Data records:
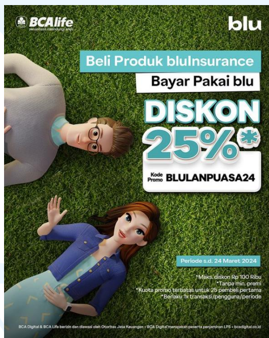
Gambar 2.6 Salah Satu Media Promosi bluInsurance

blu bekerja sama dengan BCA Life dengan menghadirkan produk-produk asuransi eksklusif, seperti blu Life Guard, blu Accident Guard, blu Life Protection, dan blu Accident Protection. blu Life Guard merupakan asuransi jiwa berjangka dengan perlindungan hingga 12 tahun dan manfaat perlindungan hingga 500 juta rupiah. blu Accident Guard merupakan asuransi untuk melindungi nasabah dari risiko kecelakaan hingga 12 tahun dengan manfaat perlindungan hingga 500 juta rupiah. blu Life Protection merupakan produk asuransi jiwa berjangka dengan manfaat perlindungan hingga 500 juta rupiah apabila nasabah meninggal dunia. blu Accident Protection merupakan produk asuransi untuk melindungi nasabah dari risiko kecelakaan secara tahunan dengan manfaat perlindungan hingga 500 juta rupiah. Seluruh produk asuransi ini dapat diperoleh tanpa cek medis.
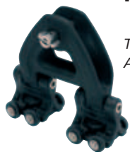
Toppbeslag, Art. nr. 511-702-04.
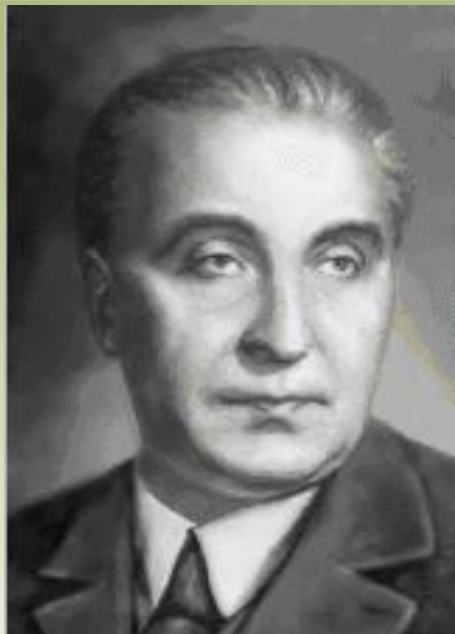
Виктор Владимирович Виноградов (1895–1969)

называется грамматическое единство, состоящее не менее чем из двух полнозначных слов, являющееся строительным материалом для предложения. Словосочетание, в отличие от предложения, ... не является цельной единицей языкового общения и сообщения.
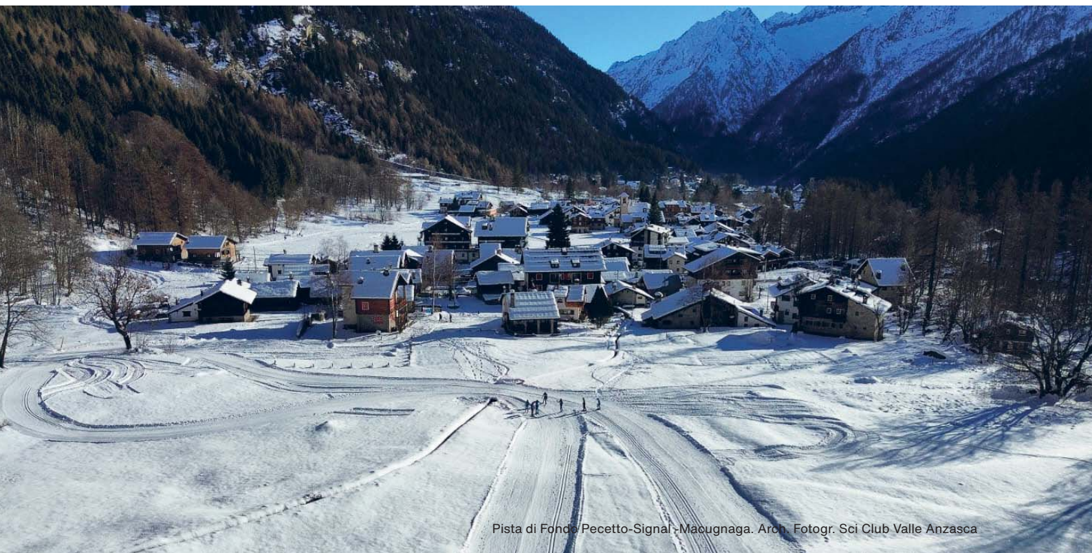
Pista di Fondo Pecetto-Signal-Macugnaga.

I Walser erano una comunità cattolica, molto coesa e organizzata, dedita alla coltivazione di segale, orzo e patate, e all'allevamento dei bovini.
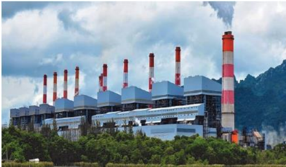
รูปที่ 8.3 โรงงาน
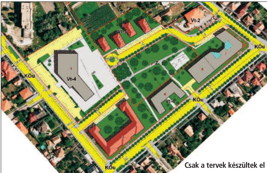
Csak a tervek készültek el
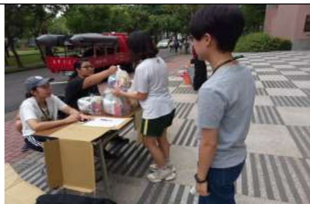
大規模災難物資發放演練
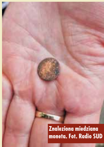
Znaleziona miedziana moneta.

Rychtal znalazł się na krótkiej ministerialnej liście miejscowości kandydujących, aby uzyskać status miasta
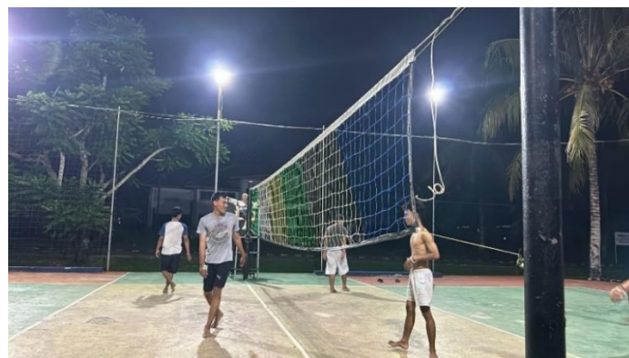
Sparring Volly Bersama Pemuda Dusun Piabung
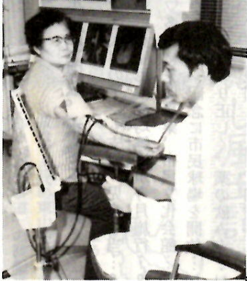
幸せな生活はまず健康から
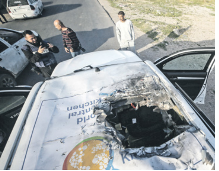
قتال عمال «الصليب الأحمر» في استهداف إسرائيل

قالت الأمم المتحدة إن الصراعات أودت بحياة عدد قياسي من عمال الإغاثة حول العالم خلال عام 2023، فيها دُوقف الهجمات على المدنيين وأن حصيلة عام 2024 مرشحة لتكون أكبر. وذكر مكتب الأمم المتحدة لتنسيق الشؤون الإنسانية «إوتشا» أن 280 عامِل إغاثة قُتلوا في 33 دولة خلال عام 2023. وهو أكثر من ضعف العدد المسجل في العام السابق، إذ سجل عدد القتلى زيادة بنسبة 137% عن عام 2022 (118 قتيلاً). وأفاد بيان أكثر من نصف وفيات العام الماضي سجلت خلال الأشهر الثلاثة الأولى من العدوان الإسرائيلي المتواصل على قطاع غزة، وقضى معظمهم في غارات جوية.

=== About this task ===
Only the lines from the one holding "Toppbeslag, Art. nr. 511-702-04." through the last line of the records should be output, please, exactly and without any pictures.

=== Completed task ===
Toppbeslag, Art. nr. 511-702-04.
Виктор Владимирович Виноградов (1895–1969)

называется грамматическое единство, состоящее не менее чем из двух полнозначных слов, являющееся строительным материалом для предложения. Словосочетание, в отличие от предложения, ... не является цельной единицей языкового общения и сообщения.
Pista di Fondo Pecetto-Signal-Macugnaga.

I Walser erano una comunità cattolica, molto coesa e organizzata, dedita alla coltivazione di segale, orzo e patate, e all'allevamento dei bovini.
รูปที่ 8.3 โรงงาน
Csak a tervek készültek el
大規模災難物資發放演練
Znaleziona miedziana moneta.

Rychtal znalazł się na krótkiej ministerialnej liście miejscowości kandydujących, aby uzyskać status miasta
Sparring Volly Bersama Pemuda Dusun Piabung
幸せな生活はまず健康から
قتال عمال «الصليب الأحمر» في استهداف إسرائيل

قالت الأمم المتحدة إن الصراعات أودت بحياة عدد قياسي من عمال الإغاثة حول العالم خلال عام 2023، فيها دُوقف الهجمات على المدنيين وأن حصيلة عام 2024 مرشحة لتكون أكبر. وذكر مكتب الأمم المتحدة لتنسيق الشؤون الإنسانية «إوتشا» أن 280 عامِل إغاثة قُتلوا في 33 دولة خلال عام 2023. وهو أكثر من ضعف العدد المسجل في العام السابق، إذ سجل عدد القتلى زيادة بنسبة 137% عن عام 2022 (118 قتيلاً). وأفاد بيان أكثر من نصف وفيات العام الماضي سجلت خلال الأشهر الثلاثة الأولى من العدوان الإسرائيلي المتواصل على قطاع غزة، وقضى معظمهم في غارات جوية.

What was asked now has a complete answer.